When you're from Buffalo, New York, you get to know snow. I was there when six feet fell in five days. I was there when one foot fell in one hour-rush hour, conveniently-paralyzing the city and creating instant icy hell. As a wee lad, I lived through the ferocious Blizzard of '77. And while I hate snow, the word "blizzard" has always appealed to me. This vivid, visceral, and distinctly American word has a history as deep as a snow drift.

Originally, "blizzard" involved no snow, wind chill, or wintry conditions at all. The Oxford English Dictionary records it as an early 18th century word for a sharp, violent blow, first found in 1829. As is often the case, the origin is unclear; it probably has some relation to words like "blow," "blast," "blister," and "bluster." The Century Dictionary suggests it's an alteration of "blazer" and provides a definition a little more in tune with the current sense: "A general discharge of guns; a rattling volley; a general; blazing away'." The Century also notes that "blizzard" meant verbal as well as physical violence: "Figuratively, a volley; a sudden (oratorical) attack; an overwhelming retort." That seems to be the meaning here: "A gentleman at dinner asked me for a toast; and supposing he meant to have some fun at my expense, I concluded to go ahead, and give him and his likes a blizzard" (1834).
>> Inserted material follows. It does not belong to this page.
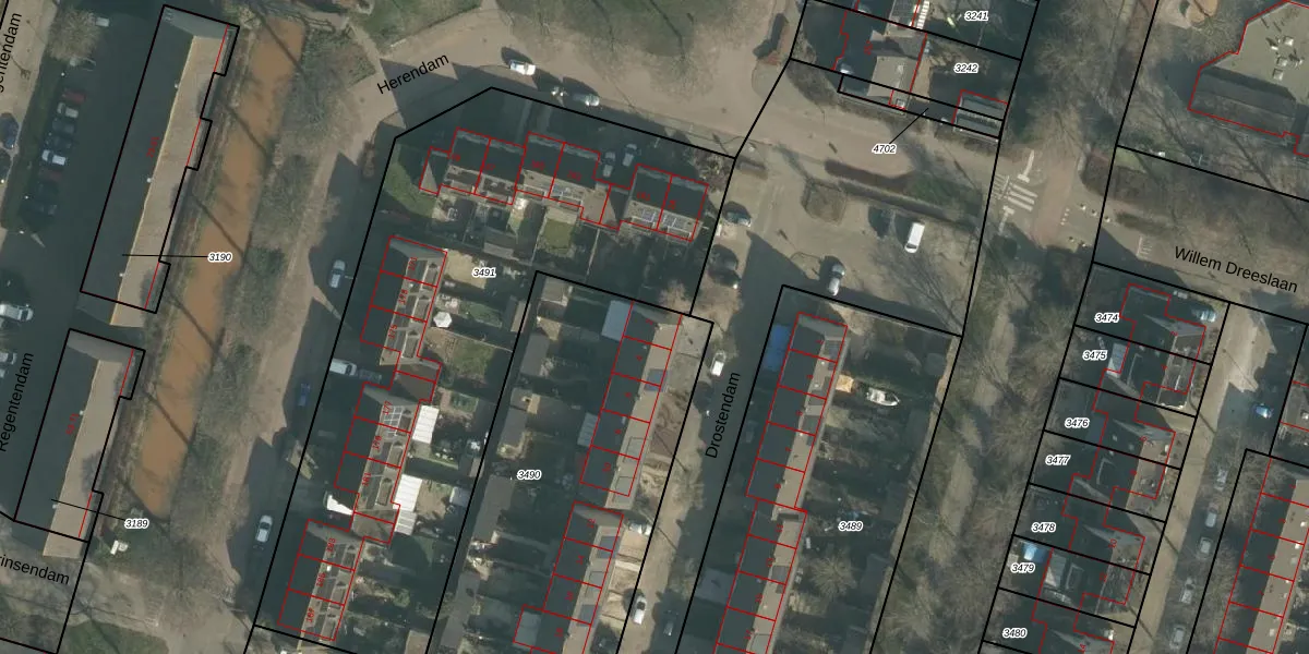 Het perceel waarop Drostendam 2 staat heeft een oppervlakte van 1785 m². Dit is een zeer groot perceel. De perceeloppervlakte wordt geregistreerd door het Kadaster. Gedetailleerde informatie over de maten van dit perceel kunt u vinden in het rapport Kadastrale kaart met maatvoering van Drostendam 2.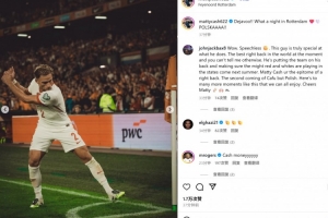 他也在賽后通過社媒曬出自己的高爾夫揮桿慶祝照,并配文:“似曾相識!鹿特丹之夜晚真是棒極了????波蘭隊(duì)!”

The current meaning started to emerge as early as 1859, but it took the nasty winter of 1880 and 1881 to establish "blizzard" as a common word for a storm. The severity of that season is discussed in Herbert Samuel Schell's History of South Dakota: "The winter of 1880-1881 often has been called ‘the hard winter.' A blizzard occurred as early as October, and although most of this early snow disappeared, heavy precipitation throughout the winter resulted in an accumulation of more than eleven feet of snow in many communities." Yeesh! Even on the ice planet Hoth, eleven feet would get your attention.

An 1881 OED quotation on the emergence of the term is just like contemporary articles in which writers speculate on the staying power of terms like "staycation" or "man-cession": "The hard weather has called into use a word which promises to become a national Americanism, namely ‘blizzard'. It designates a storm (of snow and wind) which men cannot resist away from shelter." I have to say I enjoyed the OED's definition of this sense: "A furious blast of frost-wind and blinding snow, in which man and beast frequently perish." They don't make definitions like that anymore.

Though "blizzard" began its lexical life in folksy fashion, it does have a technical meaning for meteorologists. The National Weather Service defines a blizzard as: "1. Sustained wind speeds of 35 mph or more, or frequent gusts to 35 mph or greater; 2. Considerable falling and/or blowing snow that reduces visibility frequently to 1/4 mile or less." All that blowing and swirling wind is why you often hear about a "whiteout"-a word synonymous with "blizzard" since the 1940's.

Words rarely stop evolving, and just as "blizzard" morphed from a sharp blow to a huge storm, it has continued to spread its snowy wings in metaphorical directions. With snow-like stuff, the metaphor is an easy fit, as here in 1947: "Confetti and torn paper blizzarded down on 2,000 American Navy men today as they marched through Sydney's streets." A 2001 quote shows the metaphor is pretty stretchy: "The proliferation of emails, blizzarding in, brings a daily dilemma: to save or delete?" My favorite example comes from word-collecting poet/conceptual artist Kenneth Goldsmith, who recorded every word he spoke for a week in 1997, culminating in the book/installation piece Soliloquy. The epigram was "If every word spoken in New York City daily were somehow to materialize as a snowflake, each day there would be a blizzard."

Horrible as a blizzard is, the word is a classic Americanism and a great example of how slang meanings can join standard English. As slang-master Michael Adams puts it, "To travel among ephemeral American English and the conversational grammar that accompanies it is simply to participate broadly and deeply in American culture, here and now." With language as well as snow, sometimes it sticks and sometimes it doesn't.